» INPUT RECORDS
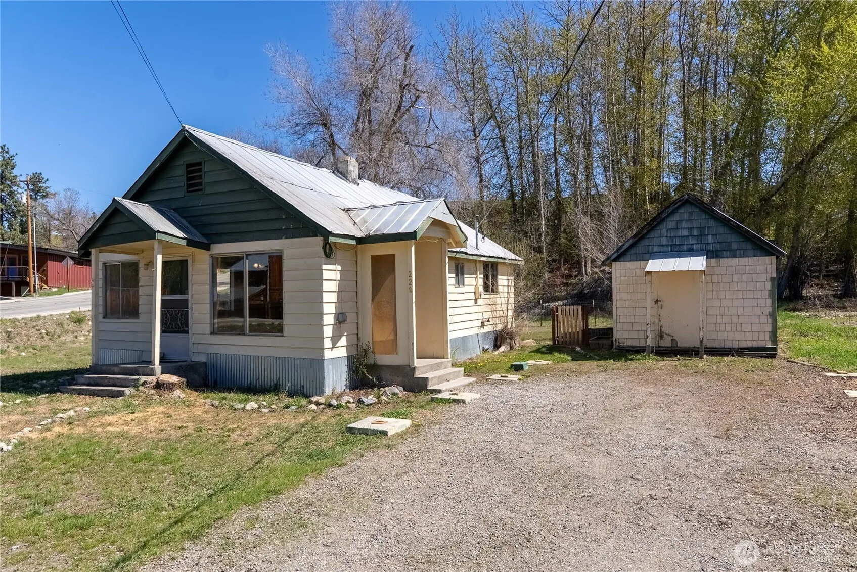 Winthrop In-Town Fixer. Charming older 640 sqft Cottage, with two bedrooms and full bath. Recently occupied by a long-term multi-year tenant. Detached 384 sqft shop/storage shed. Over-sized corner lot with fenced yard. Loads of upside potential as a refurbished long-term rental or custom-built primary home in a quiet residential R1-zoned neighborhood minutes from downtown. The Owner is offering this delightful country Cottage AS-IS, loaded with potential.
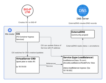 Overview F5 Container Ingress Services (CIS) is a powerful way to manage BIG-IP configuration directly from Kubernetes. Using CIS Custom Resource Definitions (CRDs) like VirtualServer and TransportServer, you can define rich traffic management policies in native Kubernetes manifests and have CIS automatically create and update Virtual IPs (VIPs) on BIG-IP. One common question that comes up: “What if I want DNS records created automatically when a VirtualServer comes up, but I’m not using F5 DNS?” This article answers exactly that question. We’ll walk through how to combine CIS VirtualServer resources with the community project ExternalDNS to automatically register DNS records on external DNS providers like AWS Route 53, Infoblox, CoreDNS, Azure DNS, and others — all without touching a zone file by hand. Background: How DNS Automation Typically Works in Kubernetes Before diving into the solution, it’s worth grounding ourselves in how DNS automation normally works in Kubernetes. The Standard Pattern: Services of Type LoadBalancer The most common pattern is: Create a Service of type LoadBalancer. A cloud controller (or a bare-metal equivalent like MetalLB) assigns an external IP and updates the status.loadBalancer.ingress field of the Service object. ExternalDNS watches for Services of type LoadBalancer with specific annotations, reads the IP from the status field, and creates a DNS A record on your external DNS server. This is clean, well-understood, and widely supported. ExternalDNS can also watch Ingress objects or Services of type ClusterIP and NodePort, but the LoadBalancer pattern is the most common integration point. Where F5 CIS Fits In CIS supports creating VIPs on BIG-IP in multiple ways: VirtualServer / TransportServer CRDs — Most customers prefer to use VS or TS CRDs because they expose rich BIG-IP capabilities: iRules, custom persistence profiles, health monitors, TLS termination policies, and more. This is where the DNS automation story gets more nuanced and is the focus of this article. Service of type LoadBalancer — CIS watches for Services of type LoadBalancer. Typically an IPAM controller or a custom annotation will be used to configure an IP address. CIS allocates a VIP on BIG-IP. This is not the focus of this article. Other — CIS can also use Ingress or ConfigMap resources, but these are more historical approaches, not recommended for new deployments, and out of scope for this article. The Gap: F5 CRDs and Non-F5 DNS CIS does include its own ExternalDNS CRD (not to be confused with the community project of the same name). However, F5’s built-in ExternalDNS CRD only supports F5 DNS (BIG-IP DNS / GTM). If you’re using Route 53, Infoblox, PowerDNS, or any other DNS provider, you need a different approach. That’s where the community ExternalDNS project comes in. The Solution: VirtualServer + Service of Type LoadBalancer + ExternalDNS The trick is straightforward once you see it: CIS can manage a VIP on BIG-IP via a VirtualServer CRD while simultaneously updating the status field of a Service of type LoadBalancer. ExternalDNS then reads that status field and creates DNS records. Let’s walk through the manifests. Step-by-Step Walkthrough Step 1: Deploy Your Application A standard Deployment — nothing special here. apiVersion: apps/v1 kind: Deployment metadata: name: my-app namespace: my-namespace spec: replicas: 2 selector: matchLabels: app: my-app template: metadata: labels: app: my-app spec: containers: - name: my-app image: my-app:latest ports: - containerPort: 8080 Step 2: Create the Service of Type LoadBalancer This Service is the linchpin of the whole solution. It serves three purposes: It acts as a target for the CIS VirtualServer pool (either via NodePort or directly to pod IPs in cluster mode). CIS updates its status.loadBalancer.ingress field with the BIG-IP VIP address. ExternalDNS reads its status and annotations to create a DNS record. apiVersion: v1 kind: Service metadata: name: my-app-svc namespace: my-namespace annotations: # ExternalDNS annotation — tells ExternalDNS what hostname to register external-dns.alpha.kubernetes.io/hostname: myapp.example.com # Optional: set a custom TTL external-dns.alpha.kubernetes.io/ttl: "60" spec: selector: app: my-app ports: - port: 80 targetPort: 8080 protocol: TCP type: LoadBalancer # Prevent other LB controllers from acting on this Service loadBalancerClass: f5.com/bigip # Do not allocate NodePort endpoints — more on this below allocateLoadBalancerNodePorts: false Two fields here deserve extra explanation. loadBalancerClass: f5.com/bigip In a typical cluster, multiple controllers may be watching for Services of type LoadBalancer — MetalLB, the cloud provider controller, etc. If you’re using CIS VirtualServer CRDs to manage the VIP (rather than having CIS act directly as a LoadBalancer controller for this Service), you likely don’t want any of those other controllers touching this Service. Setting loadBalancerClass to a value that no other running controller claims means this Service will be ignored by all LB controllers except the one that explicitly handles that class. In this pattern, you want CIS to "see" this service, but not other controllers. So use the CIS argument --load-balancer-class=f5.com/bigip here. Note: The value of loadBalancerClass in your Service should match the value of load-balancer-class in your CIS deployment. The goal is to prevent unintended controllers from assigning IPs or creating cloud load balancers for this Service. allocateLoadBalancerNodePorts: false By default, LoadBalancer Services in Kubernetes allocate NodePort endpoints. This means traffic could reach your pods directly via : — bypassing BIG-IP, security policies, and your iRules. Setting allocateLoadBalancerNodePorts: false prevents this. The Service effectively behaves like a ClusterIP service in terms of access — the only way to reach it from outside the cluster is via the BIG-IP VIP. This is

--

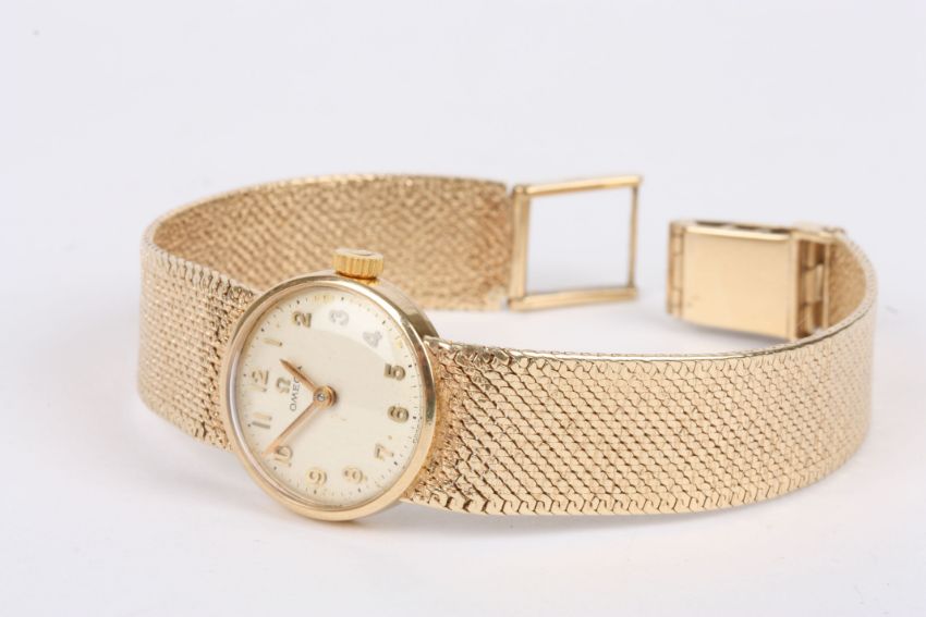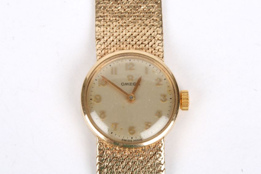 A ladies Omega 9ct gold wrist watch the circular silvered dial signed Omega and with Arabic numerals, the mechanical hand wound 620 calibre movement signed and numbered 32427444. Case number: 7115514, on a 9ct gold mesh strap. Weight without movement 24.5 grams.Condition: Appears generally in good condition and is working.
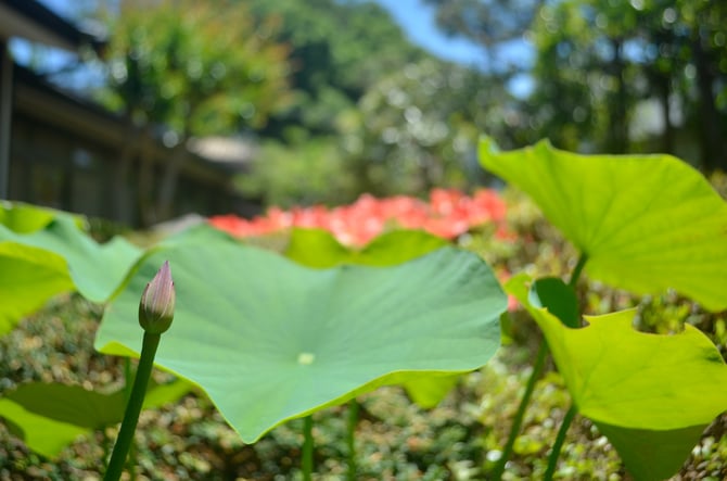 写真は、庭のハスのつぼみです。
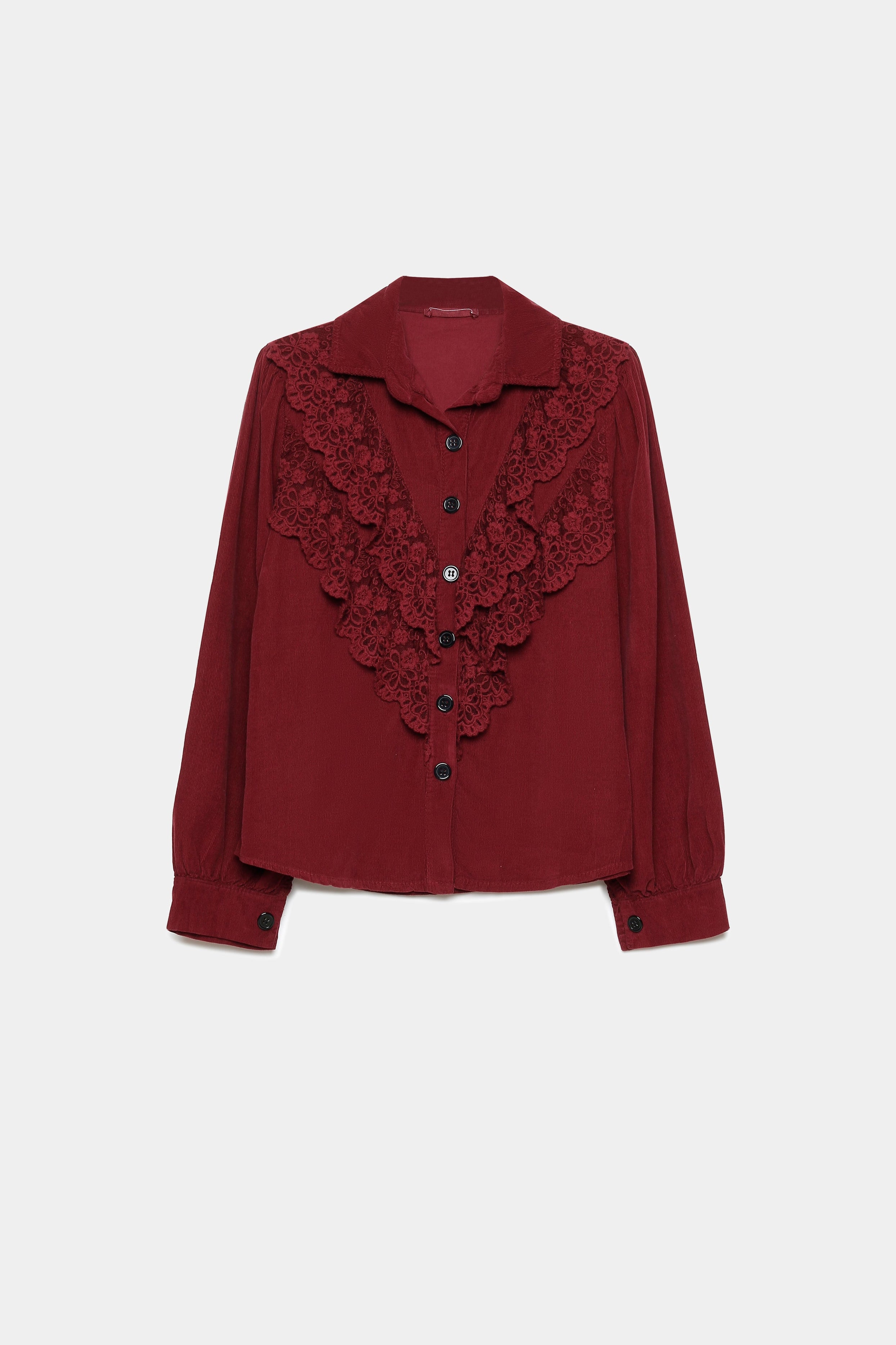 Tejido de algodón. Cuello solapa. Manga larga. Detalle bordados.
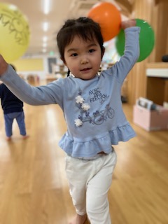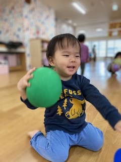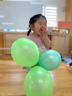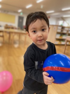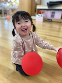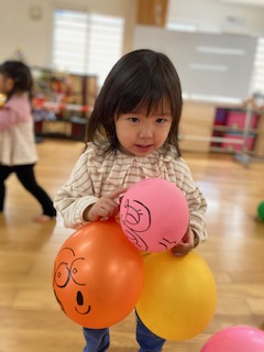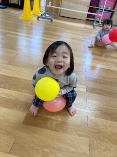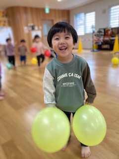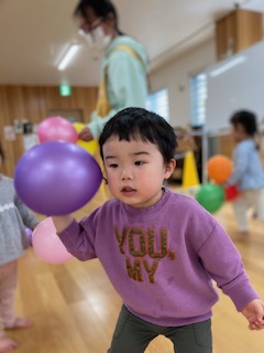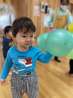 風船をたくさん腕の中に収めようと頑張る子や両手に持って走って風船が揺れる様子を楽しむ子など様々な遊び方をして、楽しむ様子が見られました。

» AIM OF THE EXERCISE
Above are records; write out the lines from the one with "A ladies Omega" down to the one with "風船をたくさん腕の中に収めよ", exactly, leaving the pictures out.

» SOLUTION
 A ladies Omega 9ct gold wrist watch the circular silvered dial signed Omega and with Arabic numerals, the mechanical hand wound 620 calibre movement signed and numbered 32427444. Case number: 7115514, on a 9ct gold mesh strap. Weight without movement 24.5 grams.Condition: Appears generally in good condition and is working.
 写真は、庭のハスのつぼみです。
 Tejido de algodón. Cuello solapa. Manga larga. Detalle bordados.
 風船をたくさん腕の中に収めようと頑張る子や両手に持って走って風船が揺れる様子を楽しむ子など様々な遊び方をして、楽しむ様子が見られました。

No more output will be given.